'''

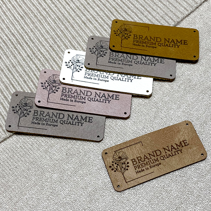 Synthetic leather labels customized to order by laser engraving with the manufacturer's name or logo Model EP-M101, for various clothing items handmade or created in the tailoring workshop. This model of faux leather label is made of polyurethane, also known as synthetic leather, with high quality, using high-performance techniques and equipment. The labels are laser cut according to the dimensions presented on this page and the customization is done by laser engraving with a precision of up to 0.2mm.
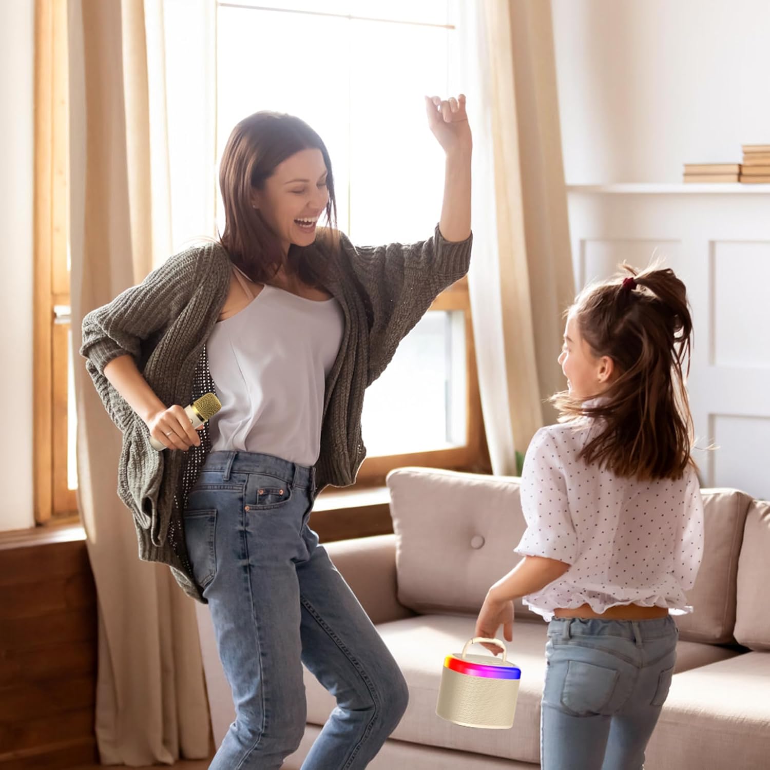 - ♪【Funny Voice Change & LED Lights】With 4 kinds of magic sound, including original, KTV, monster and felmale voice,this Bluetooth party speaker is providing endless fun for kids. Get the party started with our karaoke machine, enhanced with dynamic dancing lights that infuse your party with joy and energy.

'''
'''

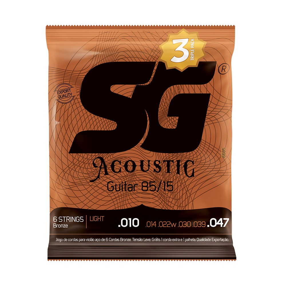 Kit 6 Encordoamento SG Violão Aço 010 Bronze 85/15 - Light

'''

▸ TASK GOAL
Using the data above, output the line that has "Synthetic leather labels", the line that has "- ♪【Funny Voice", and whatever lines fall between, each exactly as it stands and without pictures.

▸ RESULT FOR THIS TASK
 Synthetic leather labels customized to order by laser engraving with the manufacturer's name or logo Model EP-M101, for various clothing items handmade or created in the tailoring workshop. This model of faux leather label is made of polyurethane, also known as synthetic leather, with high quality, using high-performance techniques and equipment. The labels are laser cut according to the dimensions presented on this page and the customization is done by laser engraving with a precision of up to 0.2mm.
 - ♪【Funny Voice Change & LED Lights】With 4 kinds of magic sound, including original, KTV, monster and felmale voice,this Bluetooth party speaker is providing endless fun for kids. Get the party started with our karaoke machine, enhanced with dynamic dancing lights that infuse your party with joy and energy.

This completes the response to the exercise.